Ex-Tour king's comments, concerns cement him as overexposed narcissist

Image: ArmstrongAP file
Lance Armstrong won seven straight Tour de France titles.

Mike Celizic

If Lance Armstrong wants to ride in the Tour de France again at the age of 37, I’ve got no problem with it. But for the love of derailleur gears, does he have to make such a mess of it?

I understand why he wants to get back in the saddle. He’s a racer. After winning seven straight Tour de France titles, he thought he’d gotten over it. He thought he was sick of the scrutiny and allegations and all the grief that came with being the American champion of a French institution. And after a couple years of retirement, he found out he was wrong.

He’s not the first great athlete who thought he was going to be happy with all his retirement activities only to find out that there was an enormous hole in his life that no amount of fishing, hunting, motivational speeches, charitable activities and golf could fill. There was no thrill that could replace winning a mountain stage and wearing the yellow jersey. There was no activity that could utterly consume him, that he could build his entire year — his entire life — around.

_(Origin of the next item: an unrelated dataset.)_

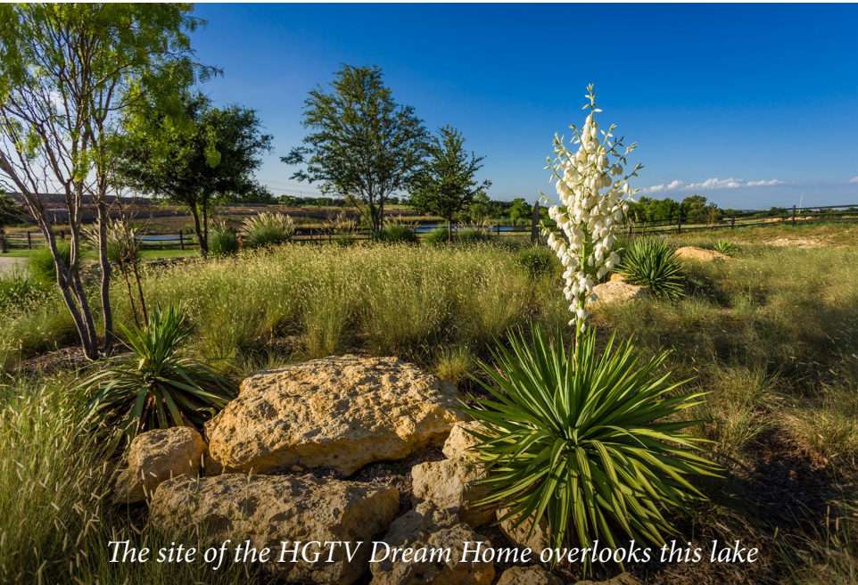
The site of the HGTV Dream Home overlooks this lake

In 2010, the Estate of Byron Nelson selected Wilbow Corporation to develop a portion of the ranch into Byron’s vision of a vibrant community of homes where young, growing families could live and thrive. The community has four distinctive neighborhoods all under strict architectural covenants. Winding streets follow the rugged contours and native plantings create a unique and memorable setting for executive homes. The community incorporates an on-site daycare center and Wayne A. Cox Elementary School, as well as an award-winning amenity center and acres of open space.

So he decided to go back, because that’s who he is and what he does.

Fine. Go back. Ride the race. Finish first or finish last, I don’t care. Just try to do it with a little dignity, OK?

Armstrong is the new Exhibit A for everything that drives us nuts about old heroes who can’t deal with retirement. From the get-go, when he first said he was coming back, it’s been one manufactured crisis after another.

First we had to go through the mandatory cat-fight with the Tour de France. We all knew that was coming. Armstrong was always a problem for Tour officials because he was an American who kept winning their race.

He never tested positive for anything, but that didn’t stop people from accusing him of doing drugs. When he said he wanted to come back, officials said they didn’t want him. Something about Armstrong being bad for the race because of the suspicions about him.

It was incredibly disingenuous. It seems like every good rider in the Tour has been busted for drugs over the past 10 years. Yet the race directors decided that the guy they’d point their fingers at was the American who never tested positive.

Armstrong knows these guys better than anyone. He knew what they’d say. But instead of simply saying, “Here I am. Test me,” he had to be as childish as they are.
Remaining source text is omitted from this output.